I'm skipping over the conversation about ligers and fruit flies, because while it is interesting, it's way off the point, in my opinion.

About a hundred and twenty years ago, people started making movies. Most, nearly all, of the people who figured out how to convey emotion, tell stories and generally establish the aesthetics of cinema, were men. We are so used to what they decided that we don't even think about it. The conventions of screenwriting, cinematography, editing, etc. are so well established that they have become invisible to the audience, so it is easy to forget that they are constructs created and, over the decades, perpetuated by a relatively small and very homogeneous group of creators. Of course, those conventions reflect the perspectives of that small group. It also is natural that they are ingrained in the audience as well.

All you need to do to understand that that established perspective is a cultural construct is to watch a few films from outside the Hollywood (used broadly) tradition. Bollywood movies don't even look much like American films.

There is nothing wrong with that established perspective. It has obviously been successful for more than a century, and for a good reason. Most of it is universally shared.

Women, people of color, the disabled and others have been marginalized in the movie industry for generations, but now they are becoming more prominent. They have grown up in that same cinema culture, but there are areas in which they are presenting different perspectives.

Well, so did Orson Wells. So did Jean Luc Godard. So did Stanley Kubrick. Creative people being creative, what a wild notion.

Art is never static, it grows and it changes. Sadly, that that change is currently being driven in large part by people outside the mainstream tradition has upset some people and created a backlash. But the innovations and new perspectives will inform the broader film world and create a new mainstream and the largest part of the audience will accept and enjoy it.

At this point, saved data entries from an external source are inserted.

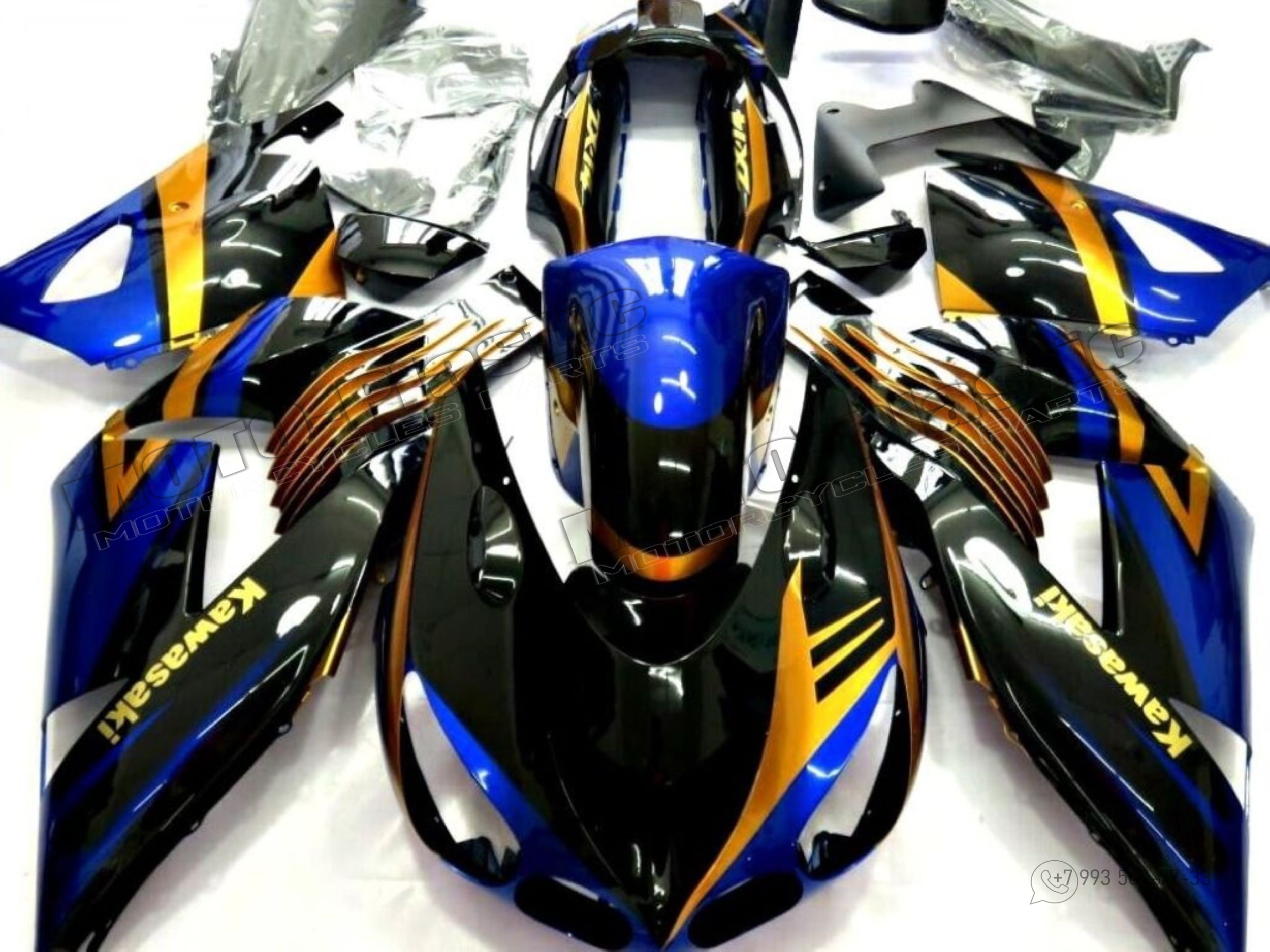 Комплект пластика Kawasaki ZX-14R 2012-2021 Черный Синий Желтый
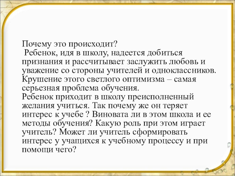 Ребенок приходит в школу преисполненный желания учиться. Так почему же он теряет интерес к учебе ? Виновата ли в этом школа и ее методы обучения? Какую роль при этом играет учитель? Может ли учитель сформировать интерес у учащихся к учебному процессу и при помощи чего?
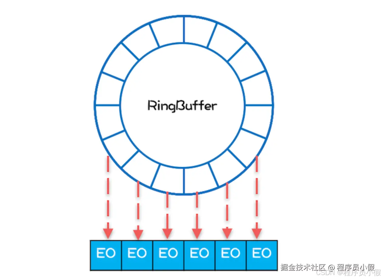 Event)在初始化时就全部创建好,并被重复使用。这消除了 GC 压力。 - 通过取模运算(实际是高效的位运算,要求数组大小为2的幂次)实现环形覆盖,指针无限递增,永不回收。
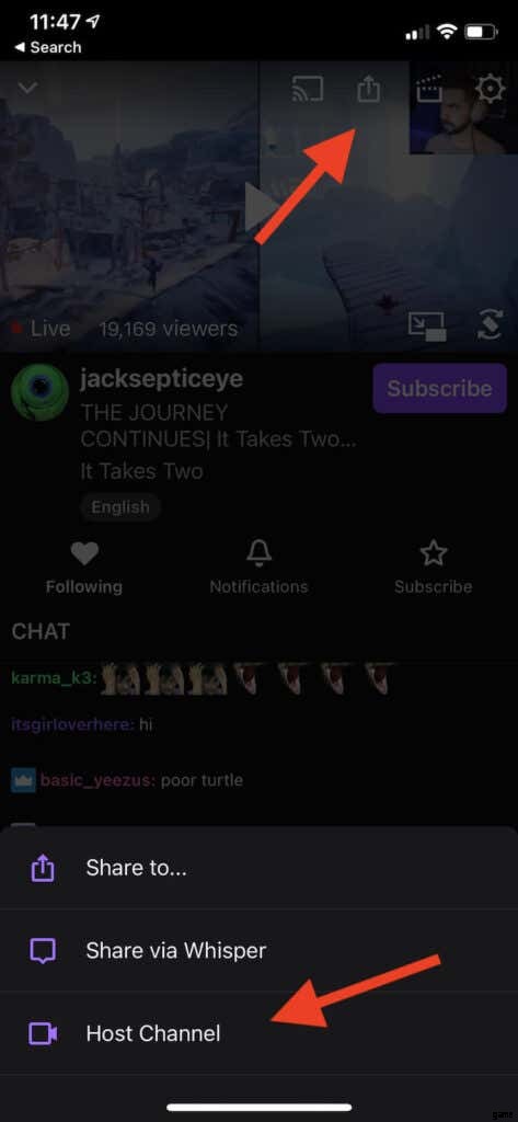 3 つのオプションが表示されます。 [ホスト チャンネル] をタップします 自分のチャンネルでストリーマーのホスティングを開始します。ホスティングを停止するには、[共有] をタップします ボタンをもう一度クリックして、[チャンネルのホストを解除] をタップします。
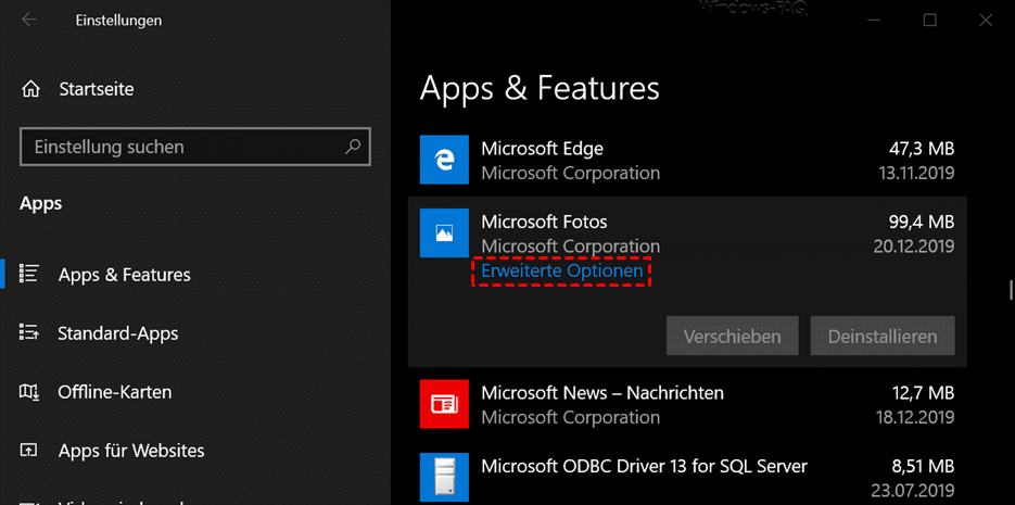 Schritt 2. Wählen Sie Microsoft Fotos aus und klicken Sie auf den versteckten Link „Erweiterte Optionen“.

Or, there is a woke sjw conspiracy to oppress white men. Whatever.
 
I'm going to stay out of the argument about what constitutes the male gaze and the female gaze, as neither is a biological reality. To me they are cultural constructs, and in this case, consideration of the 'female gaze' seems to have been engendered by a desire to see a contrasting construct of the one first identified.

I appreciate your observation that the "real world consists of a lot of complicated stuff" and that we reduce it to categories to make it manageable. However, it is not a matter of categories with "fuzziness at the edges." The fuzziness is the reality; our categories are all constructs. Colors, for example, are things we create: color is a continuum. The really revolutionary proposal from Darwin wasn't evolution, it was the proposition that diversity, not similarity, was the essence of life. Unfortunately that part of his model didn't really gain traction.

In teaching human variation, I always showed my students that if you look for the difference between two a priori categories, you'll always find them. You need to look at the data as a whole; if there are differences, it will be apparent, as will its level of significance.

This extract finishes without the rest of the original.